Almost all of the above-mentioned hypothetical situations have already been documented in animal models showing abnormalities in cardiac looping. Pictures of embryos reported to develop non-looping (straight tube) or incomplete looping phenotypes show either an abnormally short heart tube within a normal-sized pericardial cavity (e.g., Figure 1 in Yelbuz et al., 2002; Figure 5 in Brade et al., 2007; Figure 2 in Klaus et al., 2007; Figure 1 in Niu et al., 2008; Figure 5 in Choudhry and Trede, 2013), or an almost normal-sized heart tube within an abnormally enlarged pericardial cavity (e.g., Figure 1 in Garrity et al., 2002; Figure 5 in Breckenridge et al., 2001; Figure 3 in Ribeiro et al., 2007; Figure 2 in Doherty et al., 2010). Pictures of embryos reported to have excessive looping phenotypes, on the other hand, show an abnormally long heart tube within a normal-sized pericardial cavity (Figure 3 in Risebro et al., 2006). These data suggest that a significant number of cardiac looping anomalies found in diverse animal models, especially in models with impaired development of the heart-forming fields, may not primarily result from disturbances in specific form-generating or form-regulating processes but rather may result from altered growth of the heart and/or the pericardial cavity. Thus, in agreement with the growth-induced buckling hypothesis, unequal growth of the heart and its confining pericardial cavity seems to be an important determinant of cardiac looping morphogenesis not only in our present simulation model but also in the biological reality.

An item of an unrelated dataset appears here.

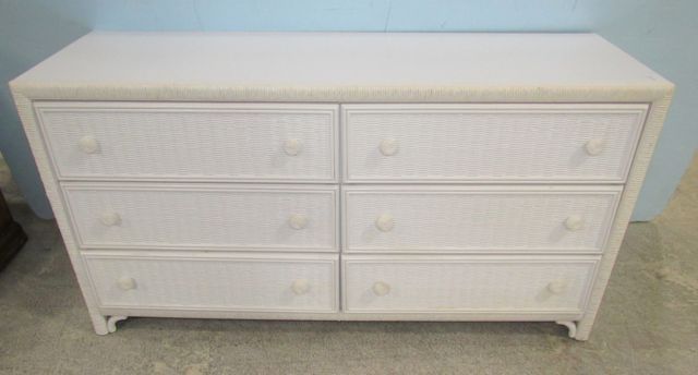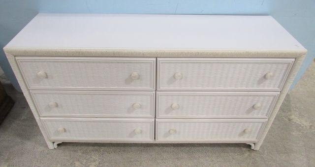 Double dresser six drawers, white laminate sides and top, faux wicker front, 30"h., 57"w., 18"d. Double dresser six drawers, white laminate sides and top, faux wicker front, 30"h., 57"w., 18"d.
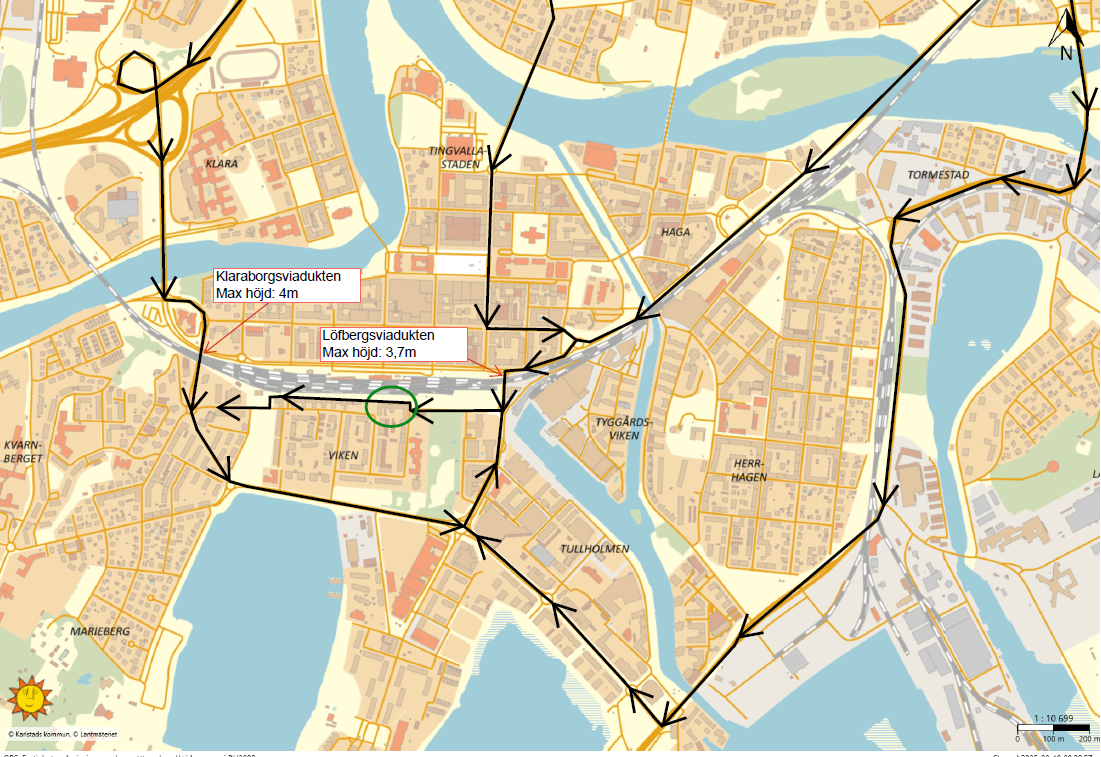 Om du kör buss - var uppmärksam på hur hög din buss är. Det vinns två viadukter med begränsad höjd, se karta här nedanför. Har du en buss som är högre så bör du åka av E18 och ta Hammaröleden, Packhusallén och Tullhusgatan till Trädgårdsgatan.

Remarks on the Mechanics of Ventral Bending
Ventral bending is the first prominent shape change of the looping embryonic heart tube. The growth-induced buckling hypothesis regards such bending as a deforming process (sinusoidal buckling) resulting from axial compression of the tubular heart. Our present simulation model confirmed the physical plausibility of this concept. It is a well-known fact, however, that tests on biological models, such as in vitro cultures of isolated embryonic heart tubes, seem to have disproven the biological plausibility of the buckling concept. If ventral bending of the embryonic heart tube would be exclusively a process of sinusoidal buckling, we should expect that a straight heart tube will not be able to bend when it is removed from the pericardial cavity and cultured as isolated specimen in an in vitro culture system. In contrast to this expectation, however, it has been shown that isolated embryonic heart tubes have an intrinsic capacity for ventral bending (Ekman, 1925; Bacon, 1945; Butler, 1952; Manning and McLachlan, 1990; Flynn et al., 1991). Moreover, some experimental data suggest that the intrinsic bending of embryonic heart loops may be based on active myocardial cell shape changes driven by actin polymerization (Latacha et al., 2005; Rémond et al., 2006; Taber, 2006). In view of these findings, it seems unlikely that the ventral bending of the embryonic heart tube results mainly from growth-induced axial compression. In view of the observations discussed in the preceding paragraph, however, it also seems unlikely that the ventral bending of the embryonic heart tube depends exclusively on intrinsic bending mechanisms in the intact embryo. We speculate that, in biological reality, active myocardial cell shape changes might play a leading role in ventral bending of the heart tube while the longitudinal growth behaviors of the embryonic heart and pericardial cavity might play permitting rather than active roles in this process. We should note, however, that not all available data seem to support the idea of an intrinsic, cell shape-driven bending mechanism. Hill and Lemanski (1979) could not observe a progression of heart looping in in vitro cultures of amphibian embryonic heart loops, and data from colchicine-treated chick embryos suggest that the cell shape changes observed during ventral bending are merely the result and not the cause of the bending process (Icardo and Ojeda, 1984).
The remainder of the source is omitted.